The weather forecast isn’t as good as it was but we’re off to Ilkley for a days walking with friends regardless. For once we’re not travelling by rail. Instead we’re in a rather different vehicle. Can you guess what it is?
It’s a Tesla.
So, part of the day was really interesting for a completely different reason – the chance to travel in an electric car, hear what the owner thought of it and gather our own impressions.
Jason’s had his Tesla for two years and covered a fair bit of ground in it as he uses it for both business and pleasure. I doubt he’ll mind me describing him as a car enthusiast who’s owned many different vehicles over the years.
Firstly, here’s my impressions of the Tesla S. It’s very roomy, but then it’s a big car. A lot of space inside the saloon is saved by the lack of a transmission. The fact it doesn’t have an engine means it has a (small) front boot as well as a rear one. It’s also very quiet – and stable, that’s because the battery covers the base of the chassis between the wheels, giving the vehicle a very low centre of gravity. Acceleration is impressive, very impressive. It would easily beat shit off a shovel. Jason told me it will do 0-30 in something like 1.5 seconds. He gave us a demonstration of what happens when by putting his foot down for a few seconds and it really did move (all within the speed limit of course).
Then come the caveats. Jason and his partner Nikki talked about the vehicles autopilot and the problems they’ve experienced. Apparently, you can trust it(ish) on roads where there’s clearly defined white lines, but if there’s none – forget it. Jason talked about the time he’d left the car in Autopilot when he was in a queue at traffic lights. The car suddenly decided to take off. Now, when you consider that at Tesla S weighs well over 2 tons and can accelerate rapidly, that’s a lot of kinetic energy – as the car in front that the Tesla didn’t sense found out. Jason’s Tesla rear-ended it so hard that it caused £10,000 worth of damage! Other things I learned were that the build quality is ‘typically American’ (and no, that’s not a compliment) and that because of the cars limited (but still impressive) battery charge life, you really have to be careful about travelling long distances as you have to make sure you can find working charging points. They’re not ‘go anywhere’ vehicles, but I’m sure that this factor will change as the technology improves and expands.

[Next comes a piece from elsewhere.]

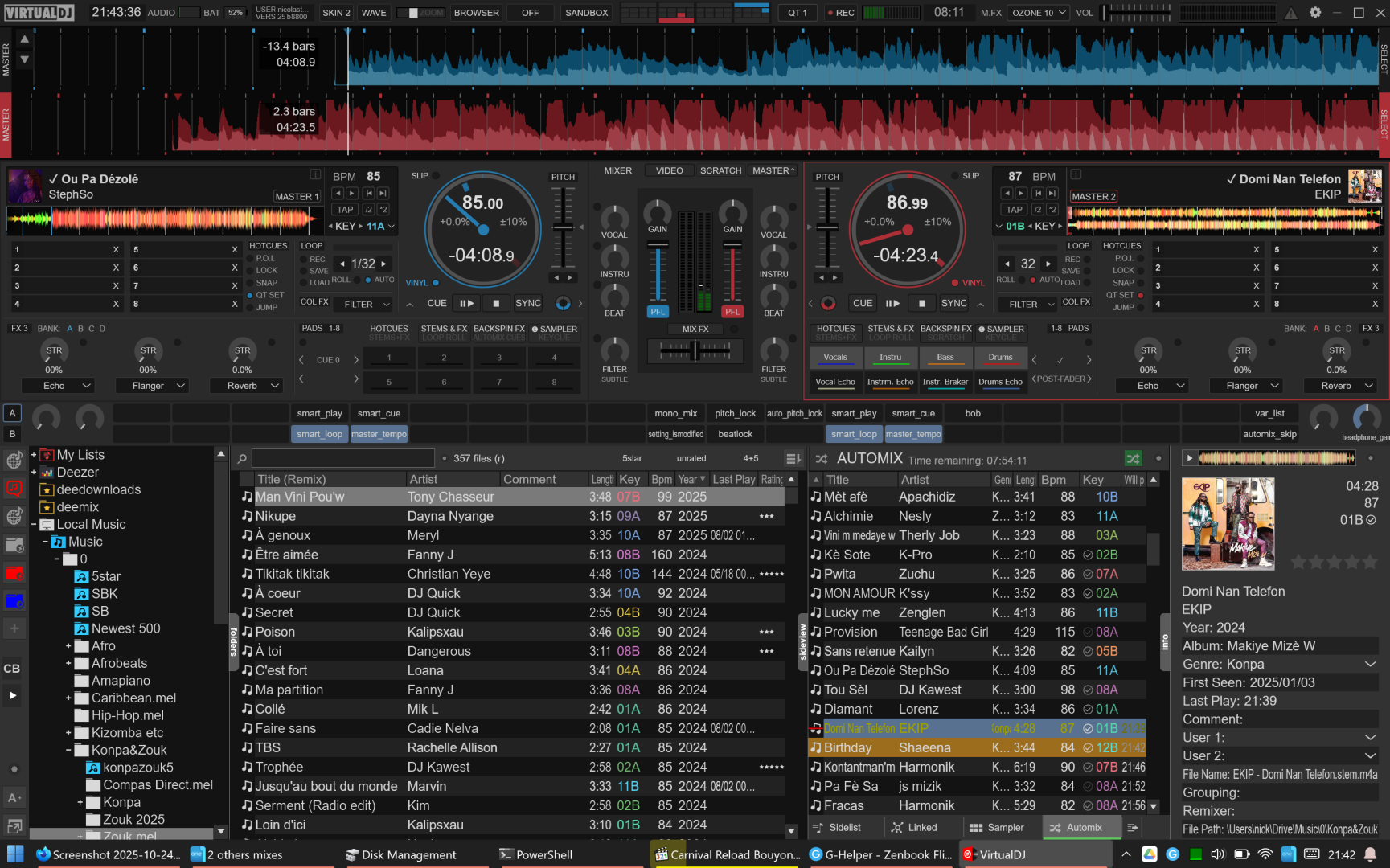 However, VDJ is remarkable inconsistent at actually detecting the stems. It's very strange, most tracks just work fine, then some won't detect as stems

All in all I was quite impressed with the vehicle, just not the much-vaunted auto-pilot capability. Electric cars are certainly here to stay and the technology will continue to develop and improve. They cold make a real difference, but we have to be realistic about them. I still remain deeply cynical about the autonomous car hype and Jason’s experiences re-enforced that. Oh, there’s also the small matter that a Tesla isn’t exactly cheap, this one cost North of £65,000, which doesn’t exactly put it in the household car spending bracket. That said, other car companies will produce mass produced vehicles – which Tesla is failing to do.

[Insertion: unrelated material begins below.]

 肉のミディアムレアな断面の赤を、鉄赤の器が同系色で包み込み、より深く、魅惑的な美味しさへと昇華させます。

OK, I realise that I’ve turned into ‘Top Gear’ here, so let’s get away from cars. The four of us had headed over to Ilkley for a day walking and chance to catch up – and we couldn’t have chosen a better day. Despite the forecast we didn’t see a spot of rain. In fact, the weather was far sunnier than was expected, so we had a great few hours exploring Ilkley Moor. Here’s a selection of pictures.

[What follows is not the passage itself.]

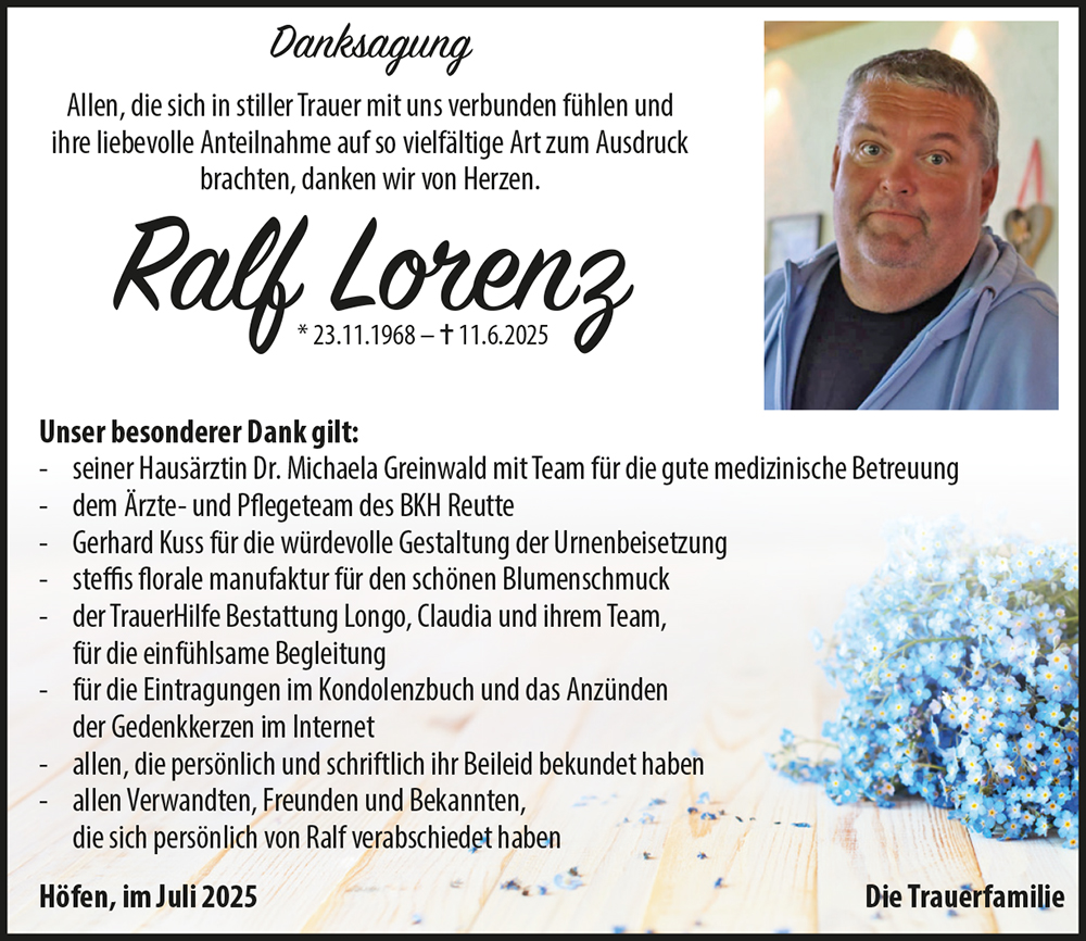 Aufrichtige Anteilnahme zum Verlust von eurem Ralf.

Looking across Wharfedale North-East from above the Cow and Calf rocks on Ilkley Moor. There’s an interesting collection of ‘golf-ball’ radar installations on the horizon, but I’ve no idea where they are as I can’t find them on any maps!
Looking down on Ilkley from the Moor, with the railway station middle left of the picture.
The Cow and Calf rocks are a busy tourist destination as there’s a car-park just below them. They’re a good base from which to explore the Moor.
A closer view of the Cow and Calf rocks.
Close to the rocks is the hotel and pub of the same name. It’s a great place to have a meal or a drink whilst admiring the views.